A data analysis by Buzzfeed’s news site after the 2016 election found that the most popular fake stories generated greater engagement on Facebook than the top real stories in the three months before Election Day.

Because it’s increasingly easy to fabricate videos, which are viewed as the most reliable evidence available online, reporters “need stronger tools” to weed out frauds, Gilchrist said.

Social media also upends campaign advertising practices. Federal regulations require a record of every political advertisement that is broadcast on television and radio. But online ads have no comparable requirements.

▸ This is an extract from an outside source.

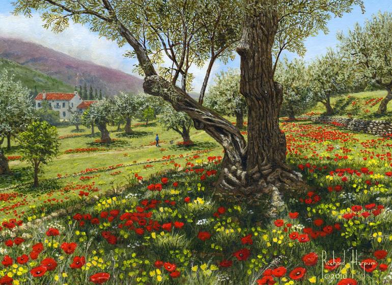 Award-winning artist, Richard Harpum, paints mainly with acrylics on canvas or board but also paints watercolour florals. He works in a realist style and pays meticulous attention to detail. His slogan is "High Definition Art". Richard's primary focus is landscapes and seascapes but he also paints still lifes, portraits and florals. The effective use of light is a key ingredient to all of Richard's works and he spends a great deal of time before starting a painting in selecting a composition that provides both drama and contrast. Born in Bromley, England, in 1951, Richard has had a passion for drawing and painting from a very young age. As a youngster, he was always drawing and became a prolific painter after he received an oil painting set for Christmas when he was 12. He has a Master of Arts degree from Cambridge University. Richard's work was featured in a 10-page article in International Artist Magazine, Issue 73, June 2010. He has also won a number of art competitions and awards. He is a strong advocate for using the golden ratio (Phi - 1:1.618) in his paintings. You may note that the position of the sun or some other key feature or length often uses a golden ratio. In some of his works there are several used. Richard believes that this gives his paintings better balance than using the more traditional "rule of thirds". During his life Richard has lived in many parts of England and currently lives in South Yorkshire. He has also travelled extensively for both pleasure and business and has lived abroad in Africa, the USA, Australia and Germany for a total of 20 years. This has given him a very broad perspective of the world, as well as providing him with wonderful sources of inspiration for his paintings.

Earlier this month, Twitter Chief Executive Officer Jack Dorsey announced that the platform would take new steps to try to stop harassment and false information. Facebook has partnered with media organizations, including The Associated Press, to flag false information on its platform. It recently announced plans to reform its political advertising, including making all ads on a page visible to all viewers, regardless of whether they were intended to see the spots. It also will require a line identifying the buyer on every political ad and create a four-year archive.

Still, because there are so many candidates for office in the U.S., Facebook is limiting itself to federal races at first.

“Facebook is moving faster than regulators are around the world toward some better stuff,” said Sam Jeffers of the UK-based group Who Targets You, which pushes for better online campaign disclosure.

He cited three recent elections in which underdog campaigns invested heavily in online ads and beat the polling expectations to win: the 2015 parliamentary races and the Brexit vote and the U.S. presidential race the following year.

Who Targets You designed an online tool that will collect Facebook political ads and deposit them in a database.

In the U.S., the nonprofit investigative outlet ProPublica has a similar project underway with a widget called Political Ad Tracker, which can be downloaded by readers to build a database of online ads. Other organizations, including the AP, have begun publishing stories specifically intended to knock down false information circulating on social media.

Some efforts are more local. In Seattle’s municipal election last year, online ad spending increased 5,000 percent over the previous cycle in 2013. Eli Sanders, a reporter for the alternative weekly The Stranger, unearthed a city ordinance that requires any outlet that distributes a political ad to make copies available for public inspection. His reporting inspired the city’s ethics and elections commission to demand the data from online outlets.

Google and Facebook have shared some fragmentary information with the Seattle commission, and through them Sanders is getting his own window into the online political marketplace. One outside group that supported the candidate who won the mayoral election, Jenny A. Durkan, spent $20,000 on one ad on a Google platform that the company displayed between 1 million and 5 million times.

“Just like at the national level, locally there is this whole segment of political advertising that is not transparent,” Sanders said.